La primavera è alle porte. Preparatevi a combattere.

Ma come "combattere"?! Guarda che bel sole!
Sì sì! E che bel tepore, finalmente!
Non se ne poteva più di quest'inverno freddissimo e grigissimo.
Oh, le prime gemme!
Sì! E' la vita che ritorna!
Evviva!
Evviva!


Bene. Benissimo. Ora fermi così. Vi fotografo, anzi vi filmo mentre impersonate la scena dell'evviva e poi la tengo lì un po'.
Non troppo. Qualche settimana basterà, ne sono certa.

L'arrivo dei primi spunti di primavera, di quelle propaggini che primavera in realtà ancora non sono, potrebbe senza sforzo essere preso e utilizzato in una moderna rivisitazione della più classica delle sindromi da "Sabato del villaggio".
C'è il tepore, c'è la luce che ci accompagna fin quasi alla cena. Gli abbozzi delle prime gemme sono la promessa di un periodo felice, leggero e spensierato, un periodo di pace e bontà, un periodo di ormoni e gambe scoperte.
Il fatto che lo stesso risultato  possa facilmente essere ottenuto con alcune tra le più diffuse categorie di sostanze stupefacenti dovrebbe portare i più svegli tra voi a cogliere la menzogna, il tranello e la truffa che dietro alla suddetta promessa si annidano e, nel buio, sogghignano.
La promessa è inganno: quel che verrà non è assolutamente quel che vorremmo scorgervi. Fingere peggiorerà soltanto le cose.

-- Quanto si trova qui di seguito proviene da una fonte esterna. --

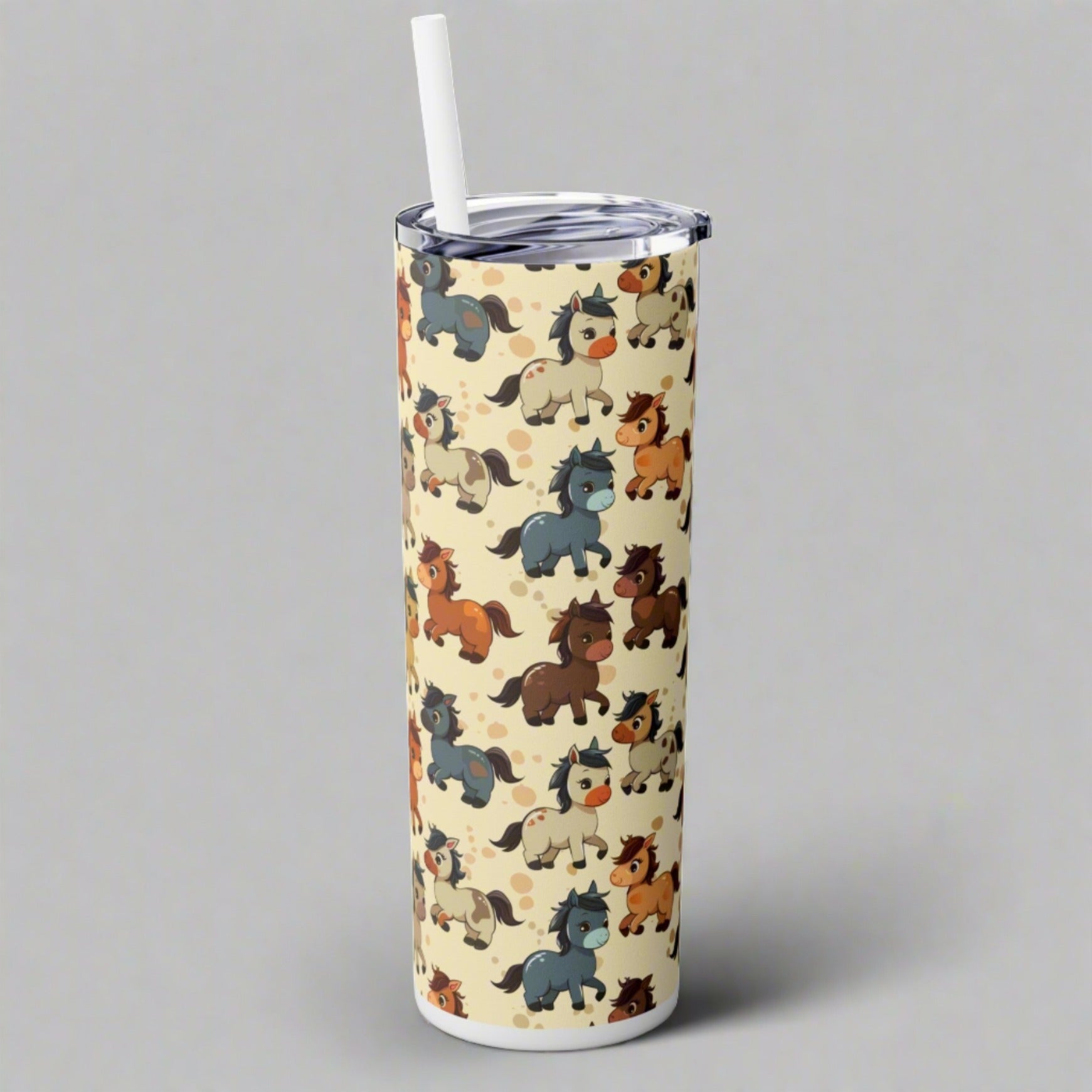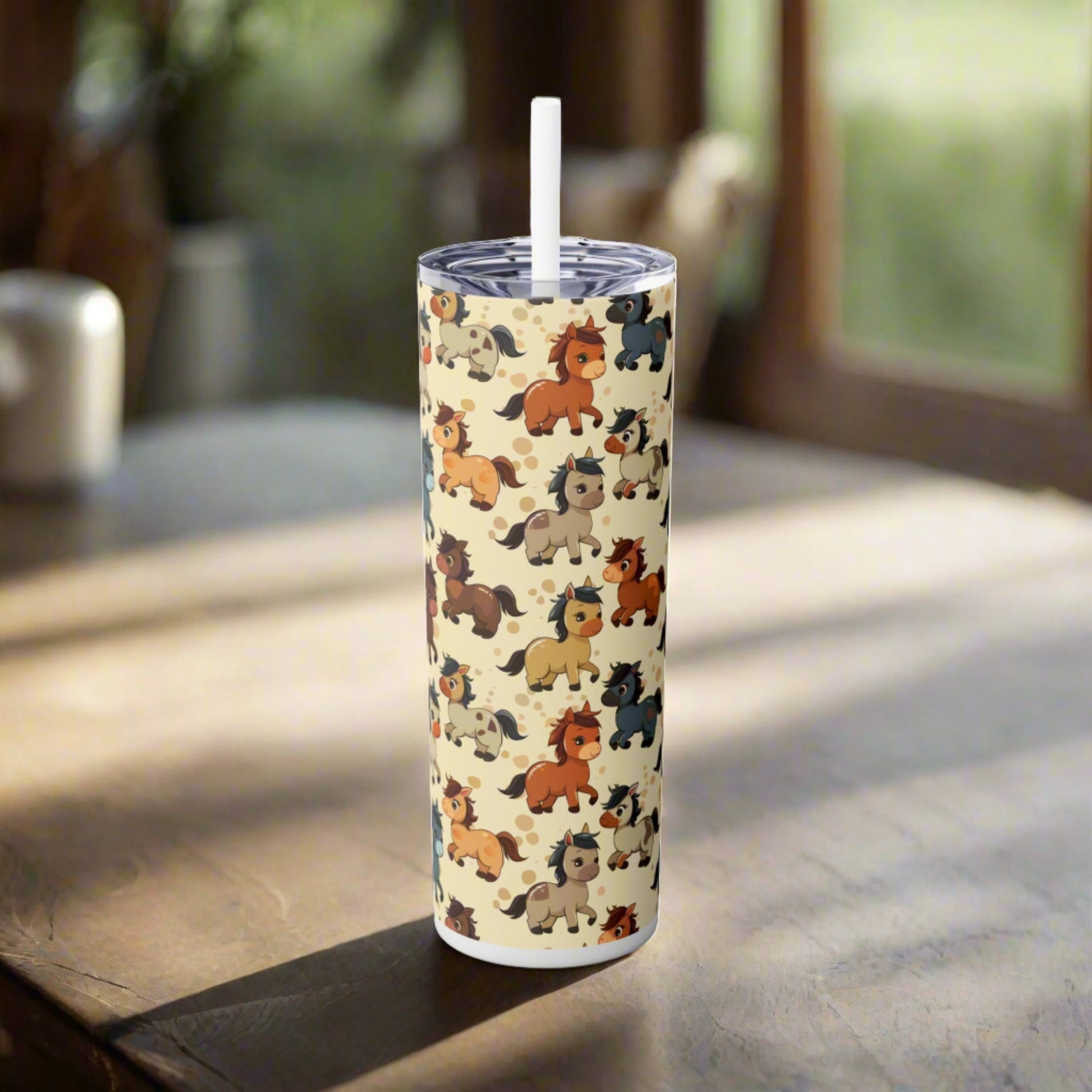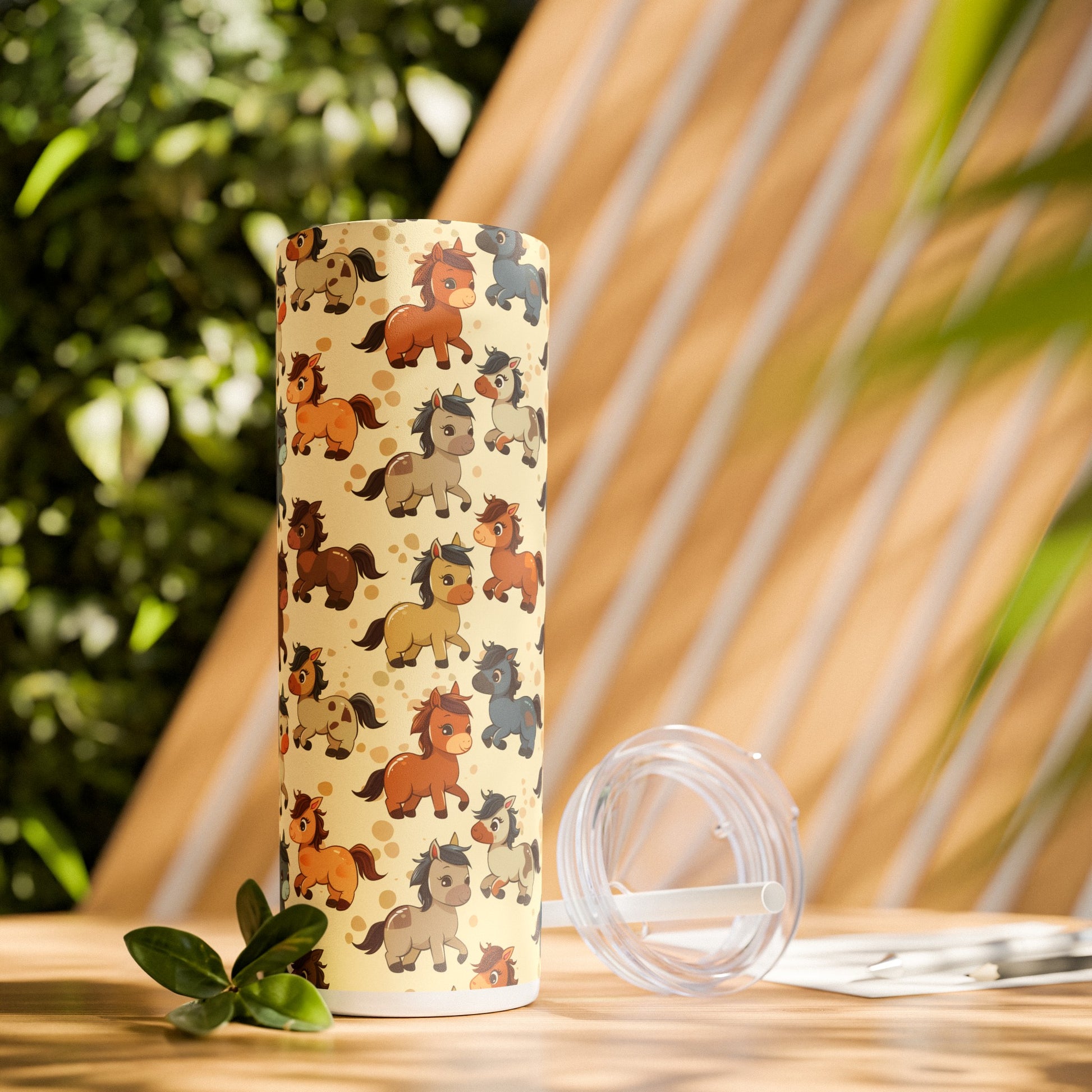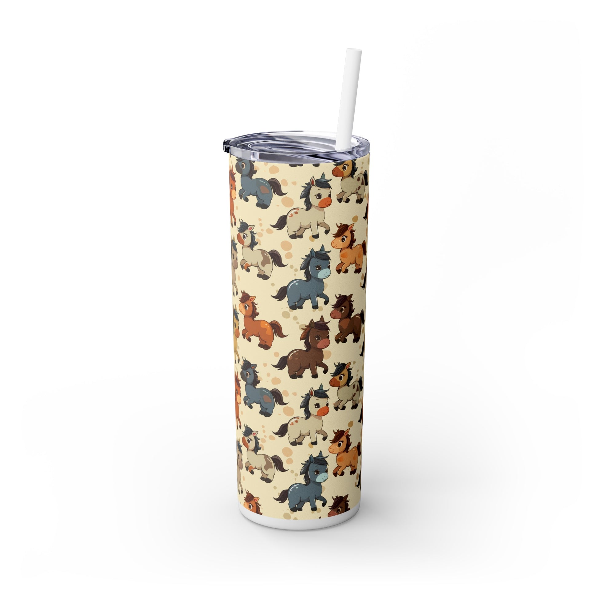 - Charming and Durable: Showcased in a radiant glossy finish, this tumbler is built to last. The playful pattern of baby horses adds a heartwarming touch, making it a captivating accessory for any outing.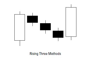 Partiamo a parlare dal Rising Three Methods che è un segnale di trend rialzista formato da cinque candele, di cui la prima è una long white candle, la seconda, la terza  e la quarta sono candele di correzione e la quinta è di nuovo una long white che ci fa capire che riprende il trend rialzista in atto.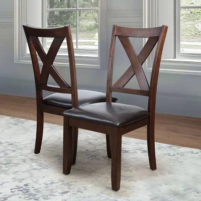 Welcome guests to the heart of your home during dinner parties with this seven-piece dining set. Crafted from a blend of solid and manufactured wood, it showcases a dark brown or gray finish for a touch of traditional appeal. Its six side chairs boast black faux leather upholstery for an updated touch, while their open X-shape backs bring an interesting focal point to your ensemble.
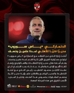 رسمياً.. الأهلي يتعاقد مع الدنماركي “ياس سوروب” مديرًا فنيًا للفريق الأول لمدة عامين ونصف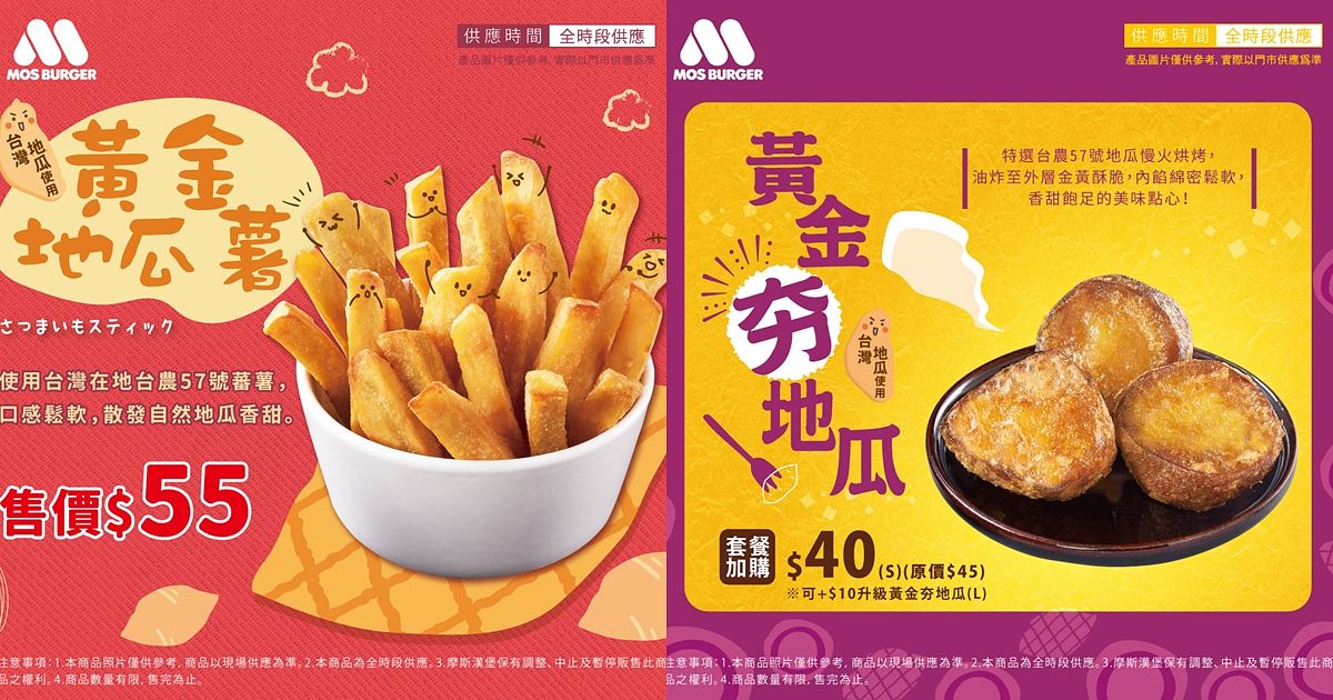 地瓜控的天堂!摩斯漢堡「黃金地瓜薯‧黃金夯地瓜」不同口感一次滿足!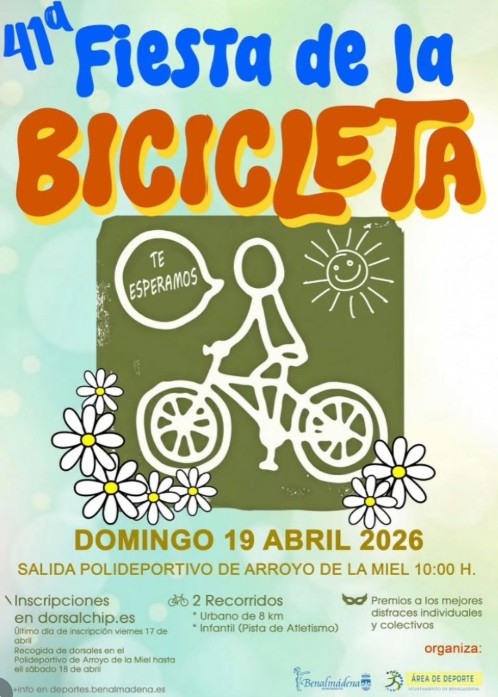 La Fiesta de la Bicicleta cumplirá su edición número 41 el domingo 19 de abril. Se trata de un evento consolidado en el calendario deportivo de Benalmádena enfocado a la actividad física, la convivencia y el uso de medios de transporte sostenibles.

Ad ogni modo, procediamo scientificamente per punti:

  • Guarda che bel sole! (E che bel tepore!) 
Il tempo meteorologico primaverile è quanto di più odioso ed insoddisfacente possa esistere nell'arco dell'intero anno solare. Il "tempo" cambia dalle 7 alle 15 volte nella giornata media e ci si ritrova costantemente con indosso indumenti chiaramente non consoni al mondo che ci circonda.
Quando va bene il motivo è semplicamente da ricercare nell'escursione termica diurna che farebbe invidia alla millenaria esperienza touareg. 
Va male quando (non se, quando) le cose si complicano un po' per il sopraggiungere di quella lieve pioggerellina intermittente. Quella che se fai finta di nulla finisci per passare il pomeriggio producendo condensa tra pelle e vestiti, ma se ti proteggi con l'ombrello poi passi il resto della giornata con l'ombrello che fa condensa in borsa.
  • Oh, le prime gemme! 
Amico mio. Ripassa di qua quando la tua giornata lavorativa sarà distrutta dall'allergia a qualunque entità vivente faccia o abbia fatto capolino nei secoli in un regno diverso da quello minerale (ma poi chissà, le pietre sono infide). In alternativa, ripassa con tutta calma quando ogni tuo senso sarà offuscato dalla dose giornaliera di antistaminico e spenderai ogni secondo libero da starnuti a pregare per un nuovo ed eterno inverno nucleare.

  • E' la vita che ritorna! 
Questa mattina ho visto la prima mosca. 

Odio le mosche.

(Ché poi dalle mosche alle coccinelle il passo è breve, già lo so, maledettamente breve. E non fate finta di non capire.)